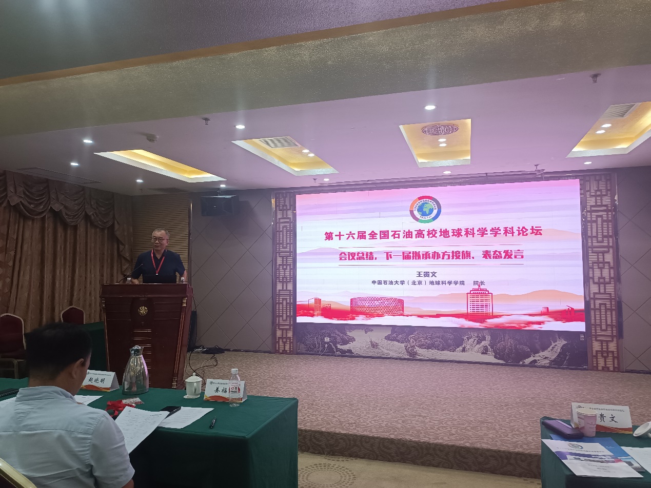 地球科学学院书记姜福杰应邀作了论坛发起单位代表致辞;副院长刘钰铭和牛花朋分别作了题为《一流学科建设背景下资源勘查工程专业人才培养体系构建与成效》和《产教融合打造高质量专业学位研究生课程体系》的专题报告;院长王贵文进行了会议总结,同时宣布下一届会议由西南天天色天天承办并进行了授旗仪式。
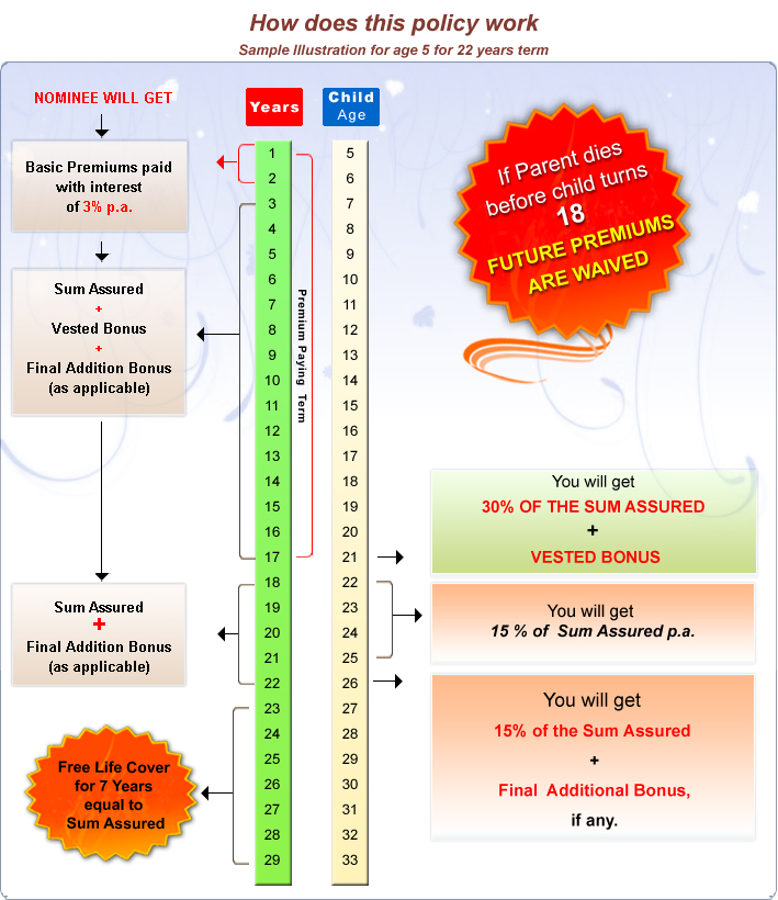 • In-built Premium Waiver Benefit. All balance premiums waived if parent dies before the premium paying term ends
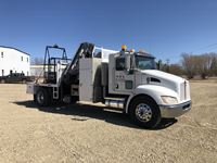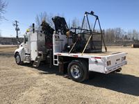 Paccar ISC8.3, 300 HP, exhaust brake, Allison 3500RDS A/T, Hendrickson A/R suspension, 14596 lb front, Dana S23190 23,000 lb rears, 248 in. WB, 5.57 ratio, 10 ft bed, 2012 Hiab 200-5, ctr mtd folding boom, dual ctrls, hydraulic outriggers, s/n 20004719, Crane Cert. EXP 08/2021, Central air compressor w/Honda GX340 engine, 2 ft x 4 ft man basket, 12R22.5F, 11R22.5R, AB CVIP 08/2021, 11,412 hrs, 269,423 kms
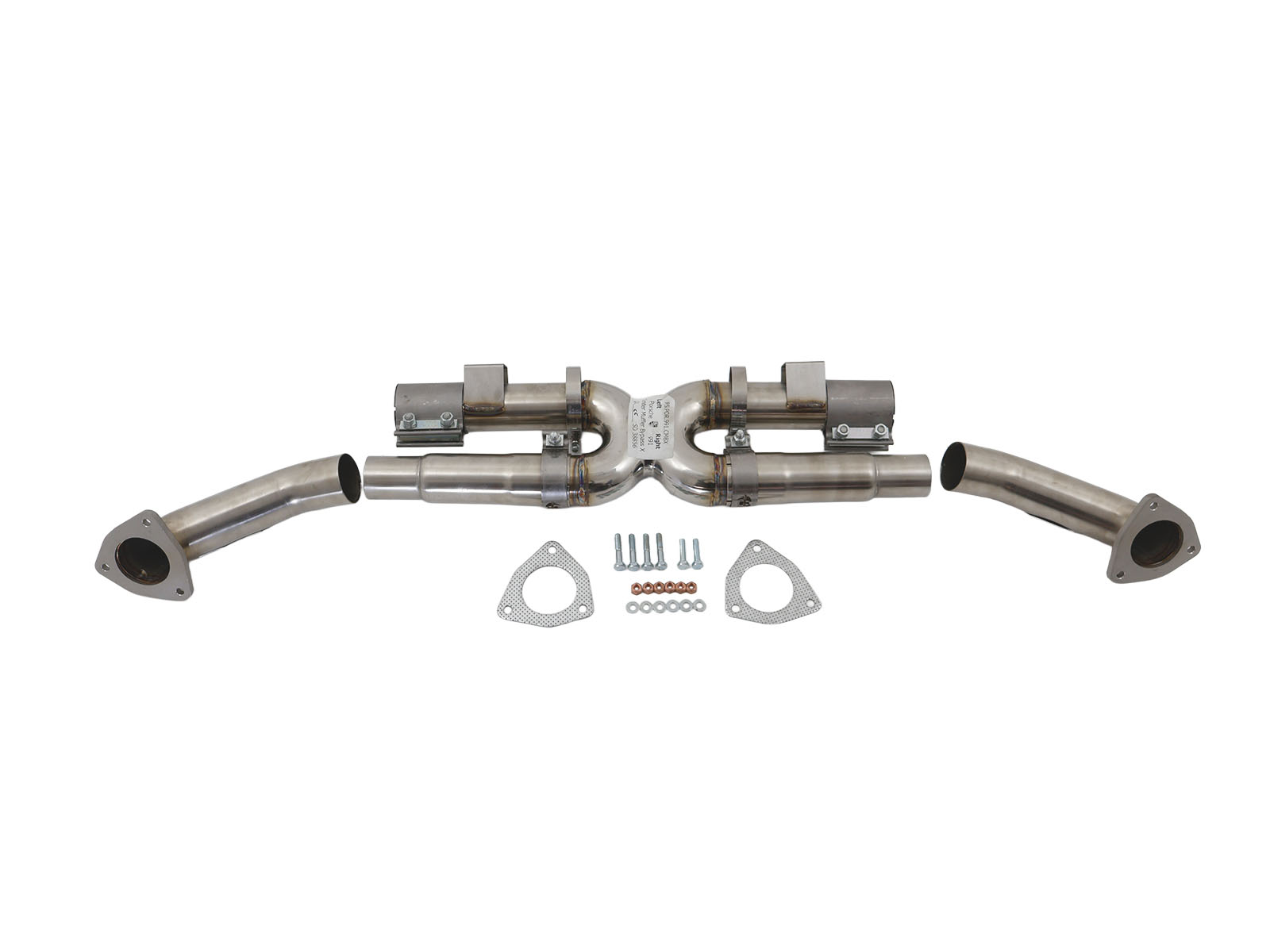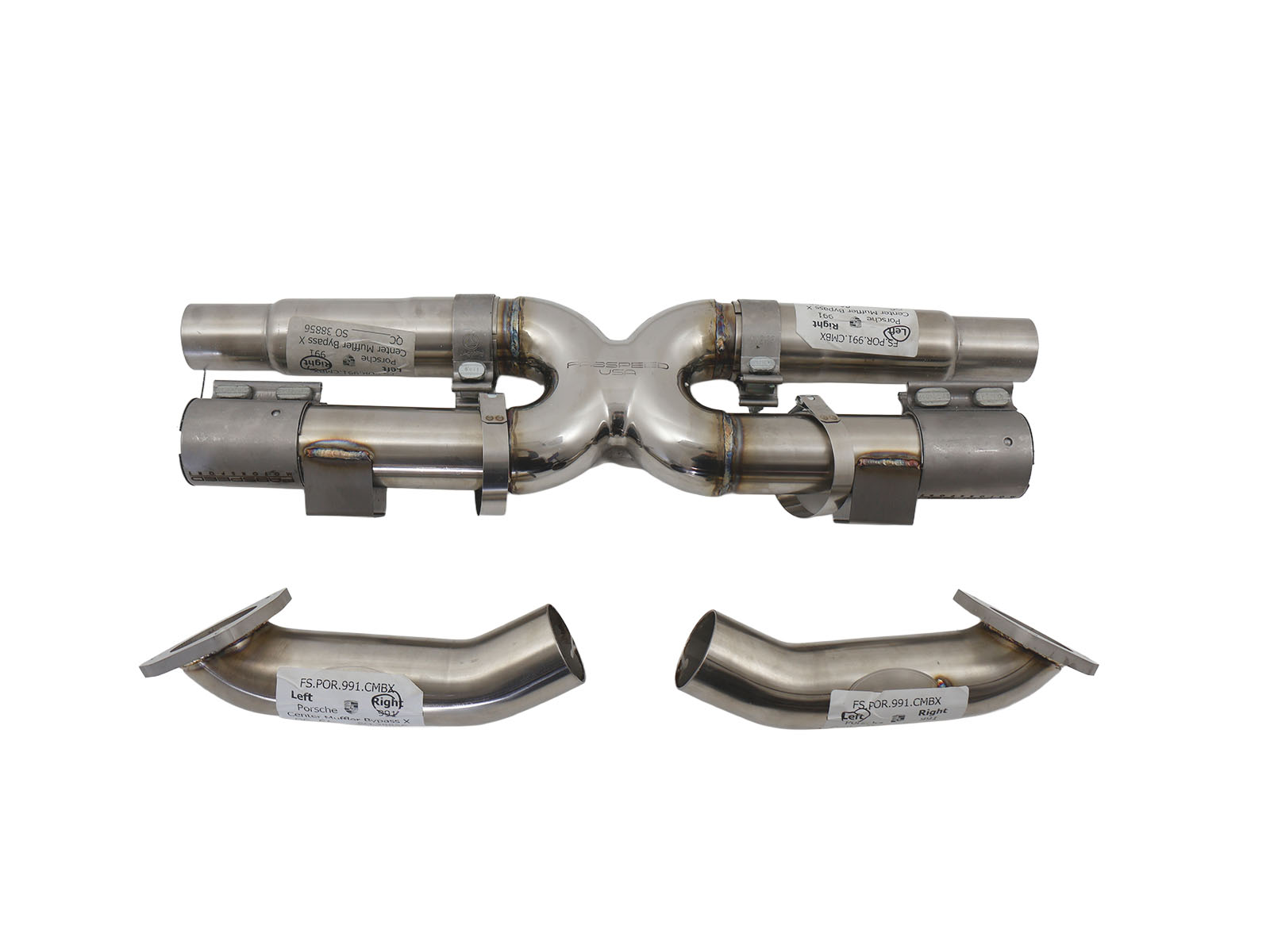 The 991 Carrera Center Muffler Bypass X-Pipe makes a great compliment to either the factory side mufflers or to Fabspeed's Maxflo Performance Side Exhaust System.

▶ [TASK OBJECTIVE]: Apart from its pictures, the data is to be repeated exactly.

▶ [RESPONSE AREA]:
 地球科学学院书记姜福杰应邀作了论坛发起单位代表致辞;副院长刘钰铭和牛花朋分别作了题为《一流学科建设背景下资源勘查工程专业人才培养体系构建与成效》和《产教融合打造高质量专业学位研究生课程体系》的专题报告;院长王贵文进行了会议总结,同时宣布下一届会议由西南天天色天天承办并进行了授旗仪式。
 • In-built Premium Waiver Benefit. All balance premiums waived if parent dies before the premium paying term ends
 Paccar ISC8.3, 300 HP, exhaust brake, Allison 3500RDS A/T, Hendrickson A/R suspension, 14596 lb front, Dana S23190 23,000 lb rears, 248 in. WB, 5.57 ratio, 10 ft bed, 2012 Hiab 200-5, ctr mtd folding boom, dual ctrls, hydraulic outriggers, s/n 20004719, Crane Cert. EXP 08/2021, Central air compressor w/Honda GX340 engine, 2 ft x 4 ft man basket, 12R22.5F, 11R22.5R, AB CVIP 08/2021, 11,412 hrs, 269,423 kms
 The 991 Carrera Center Muffler Bypass X-Pipe makes a great compliment to either the factory side mufflers or to Fabspeed's Maxflo Performance Side Exhaust System.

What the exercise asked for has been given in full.